Abnormal incidents occur in only seven versions, and they are not of great significance. The [Lincolnshire] and [Sporle versions] have a line of general introduction (No. 1) before the game proper begins. Incidents 8 and 9 occur only in the [Lincolnshire version], and do not disturb the general movement beyond indicating that the game has become, or is becoming, an indoor game. Incident 21 is obviously a modern line. Nos. 26 and 31 suggest a chase after a fugitive pair which, as they do not occur in other versions, must be considered as later introductions, belonging, however, to the period when runaway marriages were more frequent than they are now, and thus taking us back to, at least, the beginning of this century; while the significant and pretty variant No. 32 shows that the game has lost touch with the actual life of the people. No. 30 in the [Fraserburgh version] has a suspicious likeness to a line in the American song “I’m off to Charlestown,” but as it occurs only in this one version it cannot count as an important element in the history of the game.

(e) Miss Matthews notes a Forest of Dean version. The children form a ring, singing, “Round and round the valley, where we have been before,” while one child walks round the outside. Then they stand with uplifted hands, joined together, and sing, “In and out of the windows, as we have done before,” while the child threads her way in and out of the ring. Then they sing, “Stand and face your lover, as we have done before;” the child then stands in the centre of the ring and faces some one, whom she afterwards touches, and who succeeds her. A version from North Derbyshire (Mr. S. O. Addy) is practically the same as the [Tean, North Staffs. version], except that the third verse is “Run to meet your lover,” instead of “Stand and face your lover.” The first child, during the singing of the third verse, walks round outside the ring, and touches one she chooses, who then runs away. While the fourth verse is being sung she is chased and caught, and the game begins again with the second child walking round the village. So far as Lancashire is concerned, Miss Dendy says, “I have no good evidence as yet that it is a Lancashire play. I think it has been imported here by board-school mistresses from other counties.”

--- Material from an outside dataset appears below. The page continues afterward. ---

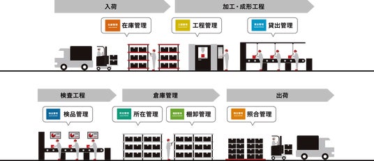 ※生産現場システムとは、製造・制御・在庫・作業工程・検品などの生産管理や、物流管理をサポートするシステムを示します。
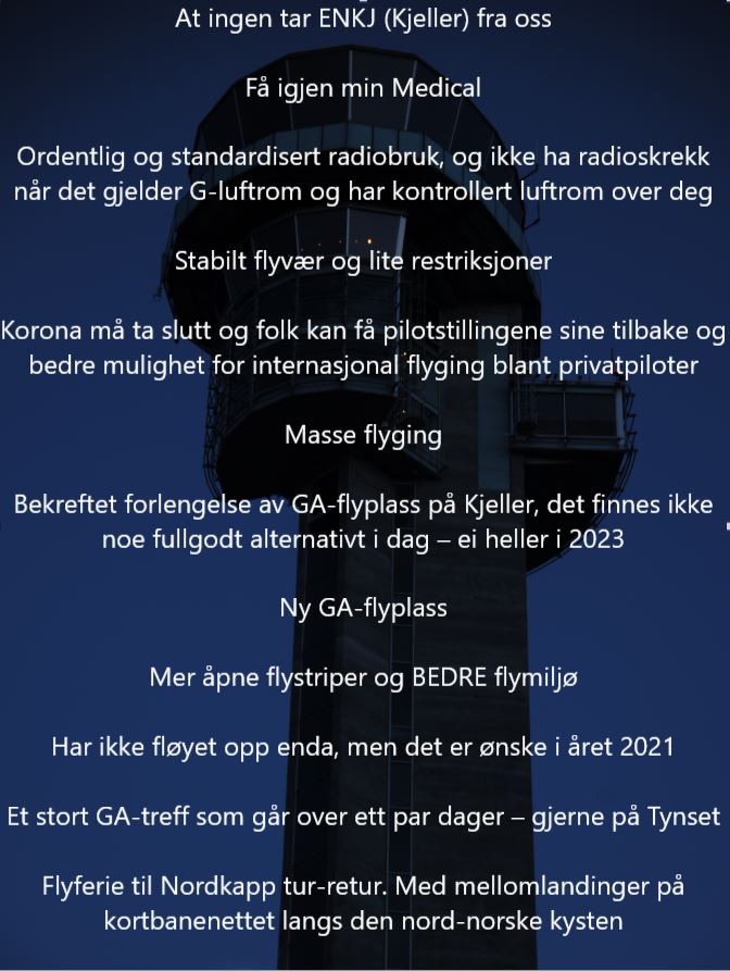 Med vaksine mot Covid-19 på plass, er det ikke minst plass for de sedvanlige nyttårsønskene. Det er liksom i dag vi nikker til venner og ønsker hverandre «godt nyttår». Allmennflymiljøet (GA) er særlig klare for et nytt år.

(f) The burden of this game-rhyme is undoubtedly the oldest part that has been preserved to modern times. It runs through all the versions without exception, though variations in the other lines is shown by the analysis to occur. The words of the line, “As we have done before,” convey the idea of a recurring event, and inasmuch as that event is undoubtedly marriage, it seems possible to suggest that we have here a survival of the periodical village festival at which marriages took place. If the incidents in the game compare closely with incidents in village custom, the necessary proof will be supplied, and we will first examine how far the words of the rhyme and the action of the game supply us with incidents; and, secondly, how far these incidents have been kept up in the village custom.

There is nothing in the words to suggest that the incidents which the game depicts belong to a fixed time, but it is an important fact that they are alluded to as having previously taken place. If, then, we have eventually to compare the game with a fixed periodical custom, we can at least say that the rhymes, though not suggesting this, do not oppose it.

This game belongs to the group of “custom games.” The first characteristic which suggests this is that the children, who join hands and form a circle, are always stationary, and do not move about as in dance games. To the minds of the children who play the game, each child in the circle represents something other than human beings, and this “something” is indicated in the first and second verses, which speak of the “windows,” of houses, and a journey round “a village.” In this game, too, the children, who thus represent a village, also act as “chorus,” for they describe in the words they sing the various actions of those who are performing their parts, as in the game of “[Old Roger].”